Additional information
- ‹See RfD›

Chinese name
- Traditional Chinese: 大頭洲
- Simplified Chinese: 大头洲
- Literal meaning: Big Head Island

Standard Mandarin
- Hanyu Pinyin: Dàtóu zhōu

Yue: Cantonese
- Yale Romanization: daaih tàuh jāu
- Jyutping: daai6 tau4 zau1

= Tai Tau Chau (Sai Kung District) =

Island in Sai Kung District, Hong Kong

Tai Tau Chau also known for its less popular name Urn Island, is an island in the water body Sham Tuk Mun (深篤門), Sai Kung District, Hong Kong. Inner Port Shelter and Rocky Harbour are near the island.

==History==
The name Urn Island was mentioned in Asiatic Pilot by the U.S. Hydrographic Office in 1910. The book described that vessels can enter Rocky Harbour from Port Shelter by passing through water passage near islets Urn Island (Tai Tau Chau) and Yim Tin Tsai. The book recommends to use sea chart as a guide, as the channel is narrow.

Since the 1980s, some part of the island became an approval burial site for fishermen.

==Biodiversity==
62 species of vascular plant were discovered on the island.
==Economy==
Several floating fish farms were located in the waters next to the island, known as Tai Tau Chau Fish Culture Zone. In 1982, councillors of the Sai Kung District Board, had requested to expand the area of the Fish Culture Zone, in order to accommodate fishermen from nearby Lap Sap Chau. In 1989, a refugee camp for Vietnamese was proposed to establish on High Island, a former island that near to the Fish Culture Zone. Councillors and fishermen worried that sea water of the Fish Culture Zone would be polluted by the increasing human population.

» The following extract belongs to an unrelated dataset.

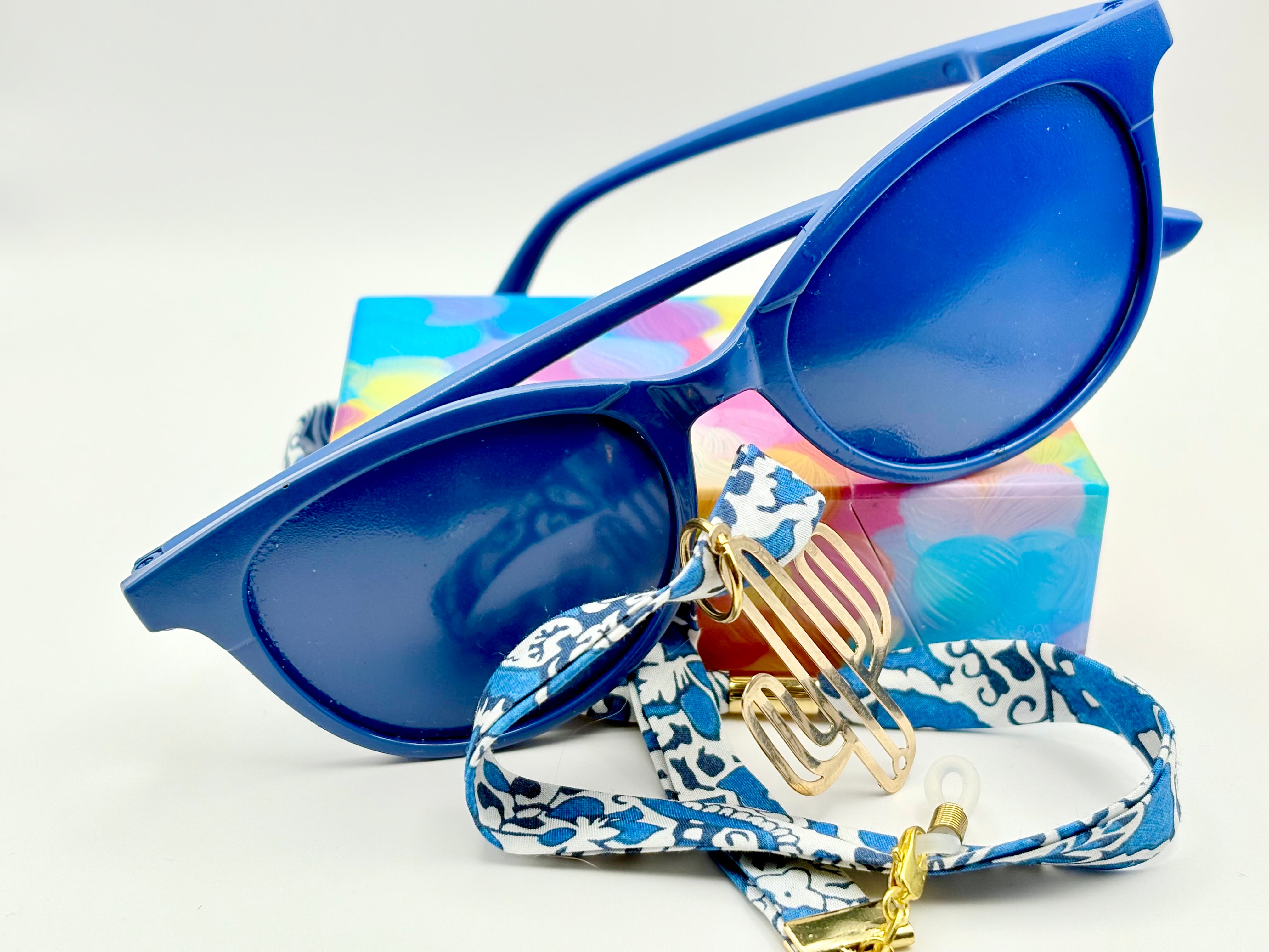 CHAINE EN LIBERTY DE COULEUR BLEUE AVEC CHARM CACTUS.

In the past, the fish rafts were used for commercial fish farming. Brown-dotted grouper and red grouper were the dominant species to culture in the Tai Tau Chau Fish Culture Zone.

However, in recent years some of them were converted to use by the tourists for recreational fishing. Red tides were also observed, affecting the Fish Culture Zone.

In 2019, a teen tourist was drowned in a fish farm of the island.

== Permitted Burial Ground ==
The island hosts Permitted Burial Grounds (PBGs), land used for graves. In 2021, the government took action against illegal burials on the island.